建设马一浮古典式书院,需要山清水秀的地方。他离开浙江大学的原因之一,就是不喜欢广西宜山那片贫瘠的土地,那里“只有郭绍嘉树,什么也没有,只有荒野”。
复兴书院考察选址
1939年6月,马一浮从重庆到乐山考察,对乌尤寺一见钟情。乌尤山古称青衣山,位于四川西南部岷江、大渡河(古称墨水)、青衣河(古称若水)交汇处,与乐山古城隔江相望。据记载《书院之名称旨趣及简要办法》 《史记》,乌尤山原与凌云山相连。秦蜀郡太守李冰控制了墨水河,开凿河道,将凌云山与乌尤山隔开,使之成为水中孤岛,又名青衣别。岛。无忧寺位于无忧山顶,为唐代高僧慧净法师所建。
无忧寺
当天,马一浮、叶圣陶、何昌群等人参观了无忧寺。风景秀丽、幽雅,正是马一浮想要的。他高兴极了,在尔雅台旁的匡夷亭赋诗一首:知逝去多少年,此亭仍是全国最热闹的。前来此地的将士皆已众叛亲离,悲痛混乱,留下经书。已知宇宙之浩瀚,犹怜青草绿树。天空送出鸟印,留下幻象和人魂。复兴书院立即租用无忧寺,借用僧舍二十余间作为师生住房,并用寺内匡一阁作为讲学场所。
马一浮将军拍摄了复兴书院的事务,具体事务由“监察书院”负责。内设三个部门:服务部、讲座部、编辑部。学院有主讲讲师、副讲师和全体讲师。受聘为讲师的有赵曦、谢无量、叶作文、梁漱溟、张振如、黄黎明等。住院讲师熊十力,主讲讲师何长群、沉敬忠,传播讲师龙松声,吴一峰、张利民均为讲师。刘功春、王兴贤等
主修六艺
马一福祥并不认同现代学校的学术划分。他认为,学科划分过于细化,只求一目了然,而忽视了根本。唯有学习儒家六艺——,才能掌握一切、一敌万。因此,学院课程分为普通待遇和特殊待遇两类。前者同修,以《汉书》 《孝经》为一类,诸弟子皆依之。后者相当于选修课,以《论语》 《尚书》 《周礼》 《仪礼》为一类,附有法墨三院名。《礼记》 《易》 另一类,隶属于道教。
学术规则
书院确立了“主尊”、“正理”、“深文”、“精诚实践”四项学术规矩。它还规定读书人必须遵守三戒。即:不求官职;不从事牟取暴利活动;不容忍打架。

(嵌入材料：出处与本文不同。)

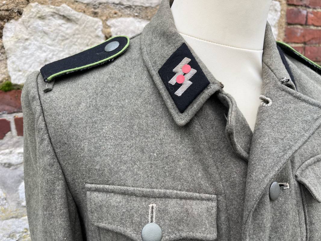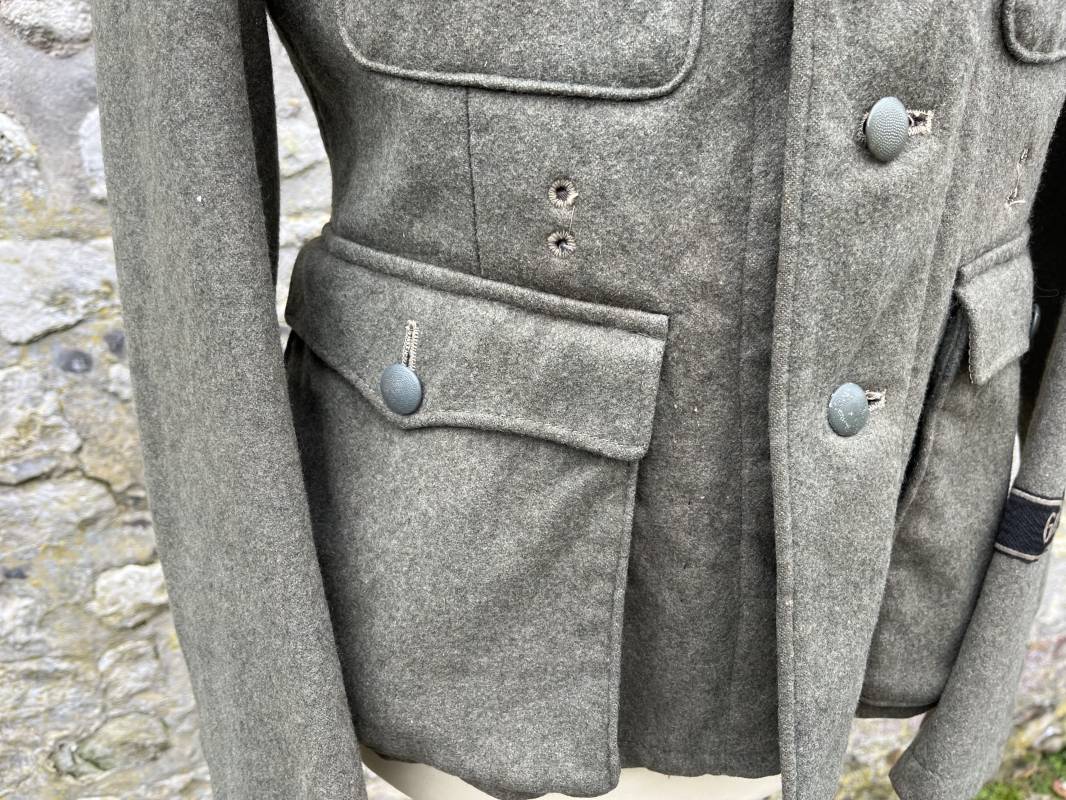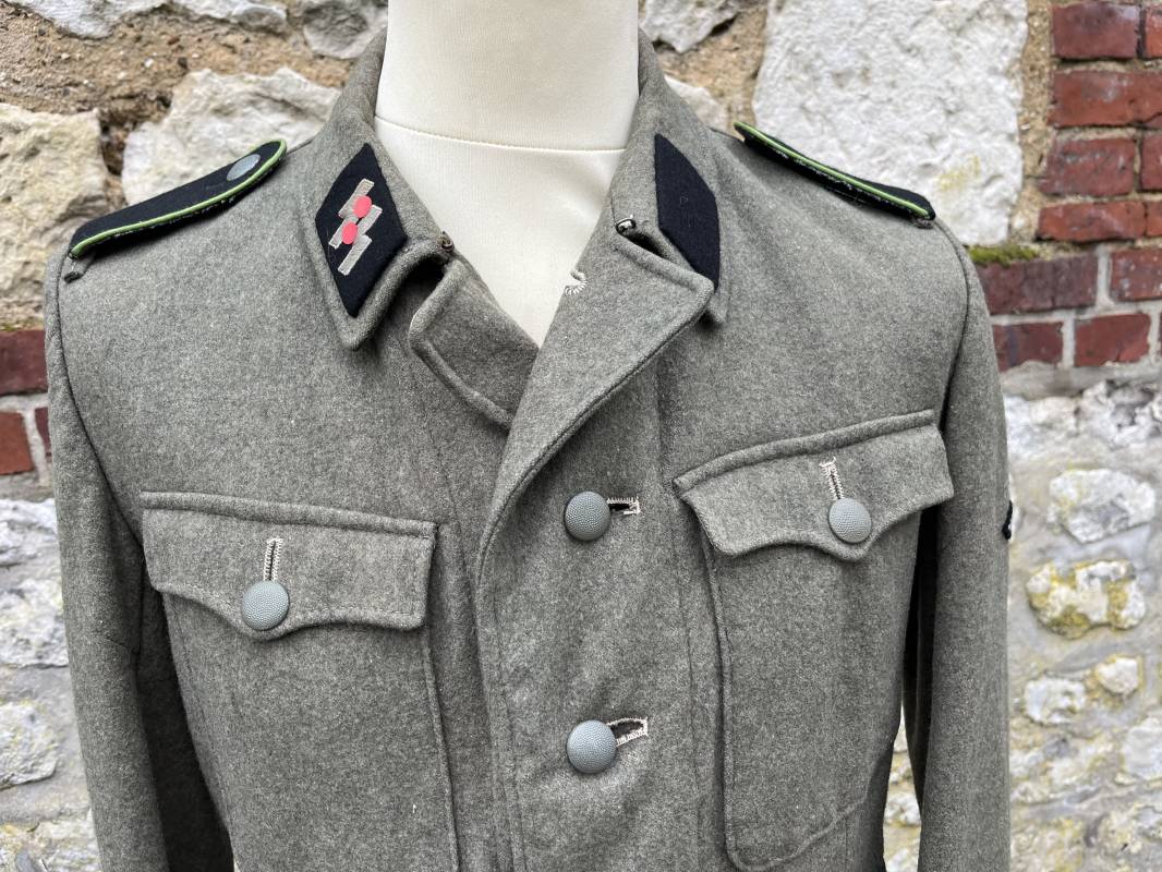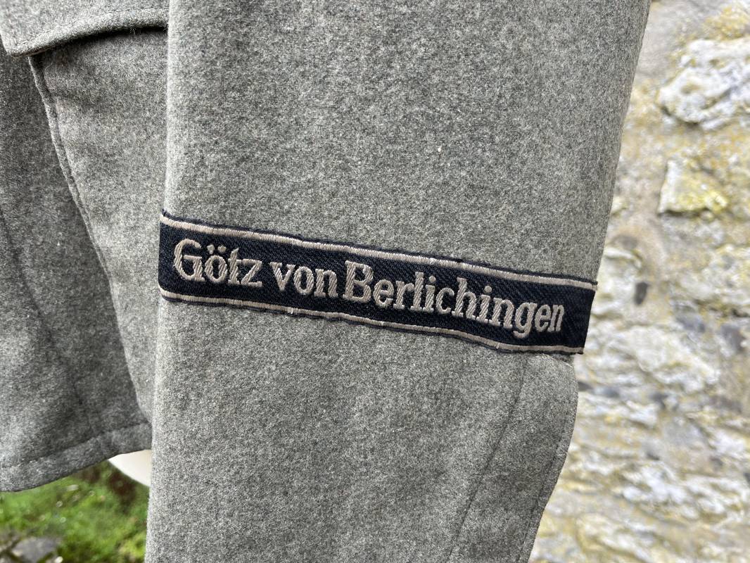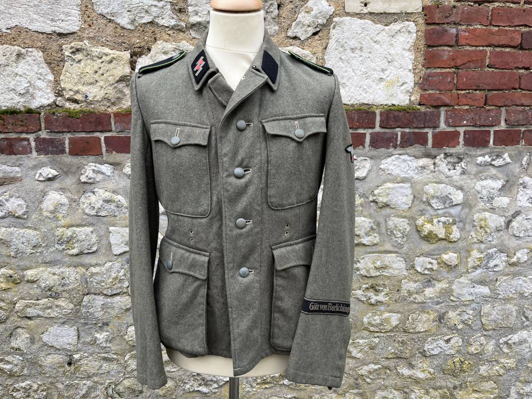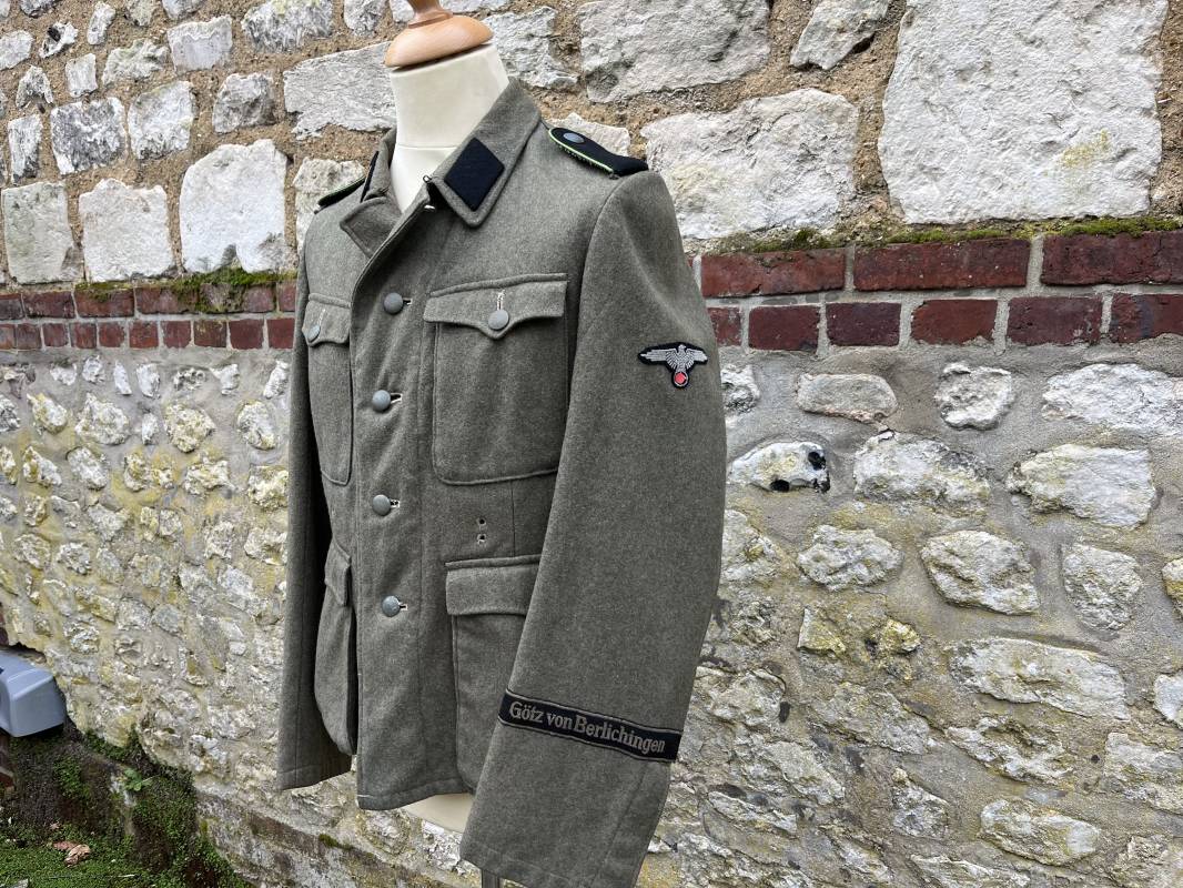 Rare veste troupe modéle 1942 en drap feldgrau d'un soldat panzer grenadier de la 17éme Division blindée 'Gotz Von Berlichingen' de la Waffen SS . Cette trés rare veste a été trouvée dans le secteur de Vernon ( 27 ) il y a 40 ans . Veste modéle 1942 de dotation de la Waffen SS : Fermeture frontale à cinq boutons métalliques et deux oeillets de fixation des crochets de ceinturon , Quatre poche à rabats en pointes boutonnés . Col avec coins de col troupe ( litzen) modéle brodé en fil de coton gris , montées mains . Revers de col en chevrons treillis vert . Aigle de bras troupe du modéle brodé coton gris , monté mains . Pattes d 'épaules à rabats modéle 1943 , liseré en rayonne 'vert pré' de panzer grenadier , intérieur doublé et renforcé en coton noir . Bande de bras de la 17 Panzer Division Gotz Von Berlichingen cousue sur la manche gauche , montage mains . Bande de bras du modéle de dotation tissée BEVO . Tous les boutons sont montés d 'origine . Intérieur doublé satinette grise . Poche a pansement et bouton . Marquage encre des taille Marquage code fabricant ' 525 ' Largeur épaules 43 cm , longueur 68 cm , manche 65 cm . Trés belle veste légérement portée en trés bel état .Drap trés frais . Veste non raccourcie , non modifiée . Uniforme définitif en collection . Rare uniforme des troupes combattantes de la Waffen SS durant la bataille de Normandie en été 1944 Ref 2510

学生分为本科生和学生:本科生首先要提交书面筛选申请,只有书面要求合格才能入院。学院补贴学费,每年有两次班级考试。参加者只需认同学院宗旨,有学习兴趣,并得到讲师的许可即可。学院不补贴学费,学生可以自行上课。
我想招收尽可能多的学生,但宣传册发出后,有数百人前来寻求帮助。马一浮发来文章,一一筛选。最终只录取了近30人,加上学生在内,还不到40人。这明显低于马一浮的初步估计。
教
遗憾的是,原来的宣传册规定讲座将于1939年8月1日举行。经过一番拖延,讲座直到9月1日才正式启动。当天,学院里举行了简单而隆重的仪式。马一浮斋装盛装,站在无忧寺匡义阁讲堂中央。讲师、全体讲师、执事分别左右分开。学生们依次站在他们身后。王静波唱首礼,师生在先师座北三拜。又念梵香,加持三礼,参拜圣礼完毕。接下来的问候仪式。仪式结束后,马一浮发表讲话。

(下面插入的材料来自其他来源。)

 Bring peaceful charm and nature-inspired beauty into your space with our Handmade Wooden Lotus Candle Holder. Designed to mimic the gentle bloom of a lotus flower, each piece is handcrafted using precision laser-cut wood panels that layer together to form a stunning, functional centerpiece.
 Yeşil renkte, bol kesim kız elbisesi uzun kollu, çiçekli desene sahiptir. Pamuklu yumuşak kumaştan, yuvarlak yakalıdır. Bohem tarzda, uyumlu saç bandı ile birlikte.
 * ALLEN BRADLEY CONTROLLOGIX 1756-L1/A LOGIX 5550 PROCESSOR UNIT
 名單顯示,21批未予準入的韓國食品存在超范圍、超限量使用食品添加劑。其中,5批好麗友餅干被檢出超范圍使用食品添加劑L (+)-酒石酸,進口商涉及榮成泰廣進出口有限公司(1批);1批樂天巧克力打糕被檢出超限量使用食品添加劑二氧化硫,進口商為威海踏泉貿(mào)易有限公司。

马一夫开场致辞《春秋》。他阐述了抗战时期创办书院讲学的目的,阐释了顺应时代变化的原则。他宣扬外敌入侵、社会动乱、人心败坏,与春秋时期孔子所面临的“礼崩乐崩”的境遇一模一样。要救儒德、救民心、救国家,只有学习儒家、传授儒家、弘扬儒家才能达到目的。
从此以后,讲师必须在每次讲课前写下讲义。然后他让人打扫了尔雅台前的匡乙亭,把一束鲜花插在花瓶里,虔诚地放在讲台上。当学者们聚集的时候,来自京城的讲师就会拿着讲义在他身后等候。主讲人上座时,双手捧讲稿行礼。这后来就成了惯例。
辅导名师
先后执教书院的有讲授唯识论的熊十力、讲授德国哲学的张振如、讲授儒家、道家等著名墨家学者的黄黎明、讲授儒家思想和中国传统政治的钱穆等。钱穆晚年仍谈及此事,并写在回忆录《开讲日示诸生》中。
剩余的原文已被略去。